Fix this by calling xennet_destroy_queues() from xennet_close() too,
when real_num_tx_queues is still available. This ensures that queues are
destroyed when real_num_tx_queues is set to 0, regardless of how
unregister_netdev() was called.

Originally reported at
https://github.com/QubesOS/qubes-issues/issues/7257

Fixes: d7dac083414eb5bb9 ("net-sysfs: update the queue counts in the unregistration path")
Cc: [email protected] # 5.16+
Signed-off-by: Marek Marczykowski-Górecki <[email protected]>

---
While this fixes the issue, I'm not sure if that is the correct thing
to do. xennet_remove() calls xennet_destroy_queues() under rtnl_lock,
which may be important here?
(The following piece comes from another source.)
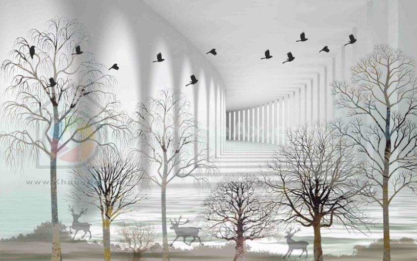 درختان شفاف بدون آب و هوا. نقاشی مات

Just moving xennet_destroy_queues() before
unregister_netdev() in xennet_remove() did not helped - it crashed in
another way (use-after-free in xennet_close()).

Signed-off-by: Marek Marczykowski-Górecki <[email protected]>
---
drivers/net/xen-netfront.c | 33 +++++++++++++++++----------------
1 file changed, 17 insertions(+), 16 deletions(-)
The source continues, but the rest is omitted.